Ничто уже не могло остановить промышленное производство, начало которого запланировали на конец января. Причем выпуск продукции было решено начать без сертификации, а образцы для исследования в Международном биохимическом центре отобрать из первых партий. Такое решение было полностью экономически оправдано, поскольку реализация готового кардамона, требующая наличия сертификата, планировалась на весну, а риск получить не тот продукт при производстве, судя по заверениям Бори и анализам пробных партий, практически равнялся нулю. Казалось, что все ясно – и с чего начать, и чем все должно завершиться.
Последние дни перед отлетом Родик провел в возбужденно-приподнятом настроении. Хотелось побыстрее приступить к работам в Танзании, и даже лыжный поход с женой и дочкой не доставил ему обычной радости. Его душа и мозг уже находились в Африке. Он еще и еще раз прокручивал в голове основные этапы предстоящих действий, стараясь найти в них что-то новое, не до конца продуманное. Спал он мало, а когда наконец засыпал, сознание порождало сны, в которых снова возникала Африка.
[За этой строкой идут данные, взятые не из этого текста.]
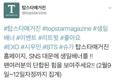 (시우민) 탑스타매거진 생일배너 이벤트!!

Перелет из Москвы в Дар-эс-Салам прошел для Родика на редкость легко и быстро. Это, вероятно, было связано с Игорем Николаевичем Сировичем, оказавшимся на редкость хорошим собеседником и человеком с очень близким Родику кругом интересов и жизненных устремлений. Игорь Николаевич был лет на пятнадцать старше Родика, но это никак не влияло на их отношения.
Родик имел давно сложившееся представление о геологах. Он считал, что это опытные и закаленные трудностями люди, способные переносить неудобства и невзгоды полевой работы, умеющие все делать своими руками, обладающие навыками для решения любых задач – от организации коллективов до обыденного приготовления пищи, обустройства жилья, охоты и рыбалки. Именно таким, судя по рассказам Юры и подчиненных, был профессор Сирович, прошедший пешком почти всю страну и имеющий глубокие познания не только в области геологии и геммологии, но и в производстве ювелирных изделий и огранке камней.
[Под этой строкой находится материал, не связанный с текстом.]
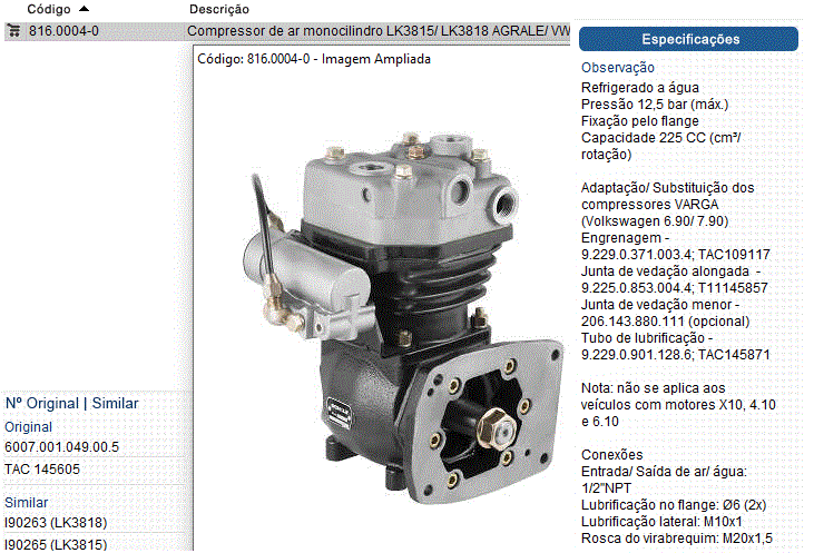26305 - COMPRESSOR AR MWM/VW TD229/6 D229/4 D229/6 KNORR 1-CIL 225CC

Внешне Игорь Николаевич тоже выглядел как типичный геолог: окладистая борода, по-спортивному подтянутая фигура, несколько сгорбленная, вероятно, от частого ношения рюкзака, гладко зачесанные волосы, загрубевшее лицо, по которому трудно было определить возраст. К тому же Игорь Николаевич мог и любил выпить, при этом почти не пьянея, и это добавило ему авторитета в глазах Родика.
С первых минут общения Родик понял: все рассказы про достоинства Игоря Николаевича – правда, и пожалел, что они не познакомились раньше. Для Игоря Николаевича это была первая поездка за рубеж, и потому он пребывал в состоянии почти эйфорическом, что придавало их беседам дополнительной остроты и занимательности.
Родик больше слушал, чем говорил – а такое происходило с ним очень редко. За время полета они смогли обсудить огромное количество вопросов, но было ясно: интересные темы еще не исчерпаны. Родик уже жалел о скором расставании – Игорю Николаевичу предстояло сначала заняться изучением карт и различного геофизического материала в Дар-эс-Саламе, а потом отправиться в глубь страны для оконтуривания участков добычи минералов, разработки проектов будущих поселков, водных стоков и проведения других исследований, необходимых для намеченных горных работ.
Родик же должен был организовать деятельность предприятия в Танге и, кроме того, обеспечить материально-техническое снабжение экспедиции Сировича.